The number of corridors and exactly where they would run have yet to be worked out. But the Texas Transportation Commission on Dec. 16 opened negotiations with the Spain-based consortium Cintra to start the first phase of the project, a $7.5 billion, 800-mile corridor that would stretch from Oklahoma to Mexico and run parallel to Interstate 35.
“Some thought the Trans-Texas Corridor was a pie-in-the-sky idea that would never see the light of day,” said Perry, who has compared his plan to the interstate highway system started during the Eisenhower administration. “We have seen the future, and it’s here today.”
But as the plan rumbles along in the fast lane, some have called it a Texas-size boondoggle. Environmentalists are worried about what it will do to the countryside. Ranchers and farmers who stand to lose their land through eminent domain are mobilizing against it. Small towns and big cities alike fear a loss of business when traffic is diverted around them.
Even the governor’s own party opposes the plan. The GOP platform drafted at last summer’s state convention rejected it because of its effect on property rights.
Perry is undeterred. “I think it will be a model for future infrastructure construction in the world,” he predicted.
The tolls would represent a dramatic departure for Texas, which has traditionally relied on federal highway funding from gasoline taxes to build roads. But supporters say the combination of tolls and private money would allow Texas to pour concrete at a rate that would not be possible through gasoline taxes alone.
Texas economist Ray Perryman said the corridors could generate about $135 billion for the state over the 50-year span and lure new industry by offering efficient shipping routes for goods and utilities. “Any time we can do something better, faster and cheaper, it’s going to give us an advantage,” he said.
The new rail lines could also lower the risk of chemical spills in urban areas, said Perry spokesman Robert Black. “We have hazardous materials running through our city centers because of a rail system that was built 100 years ago,” Black said.
For the Oklahoma-Mexico corridor, Cintra plans to spend $6 billion for about 300 miles of four-lane highway from Dallas to San Antonio and give the state an additional $1.2 billion for improvements along the route. In return, Cintra wants to maintain and operate the toll road for 50 years.
Other potential corridors could stretch east-west from Orange to El Paso, and north-south from Amarillo to Laredo.
The Texas Farm Bureau –– generally regarded as an ally of Perry, who grew up on a farm in West Texas –– opposes the project.
“They’re proposing going primarily through farm and ranch lands,” said bureau President Kenneth Dierschke, a cotton farmer from San Angelo. “If someone comes in and cuts your property in half, that’s no good.”

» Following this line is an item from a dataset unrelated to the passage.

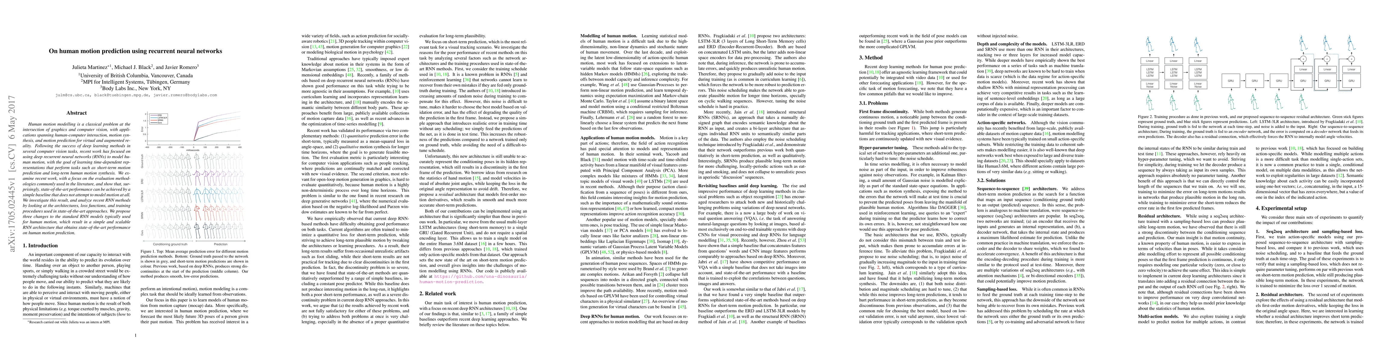 This paper reviews recent advancements in using recurrent neural networks (RNNs) for human motion prediction, highlighting that surprisingly simple baselines can achieve state-of-the-art results. The authors propose modifications to standard RNN architectures to develop a scalable model that outperforms existing methods.

Officials promise property owners will be fairly compensated for any land seized. And a special provision put in for the benefit of rural Texas would allow some to negotiate for a share of the revenue generated by traffic on the corridor.
David Stall, the former city manager of Columbus, a town of about 3,800 along Interstate 10, founded Corridor Watch in opposition to the plan. He predicted an El Paso-to-Orange corridor would divert as much as 25 percent of the traffic off of I-10 and have a “devastating impact” on Columbus.
As for the financing, Stall warned that if the Cintra deal sounds too good to be true, it probably is.
“There is no free lunch and no free road,” he said.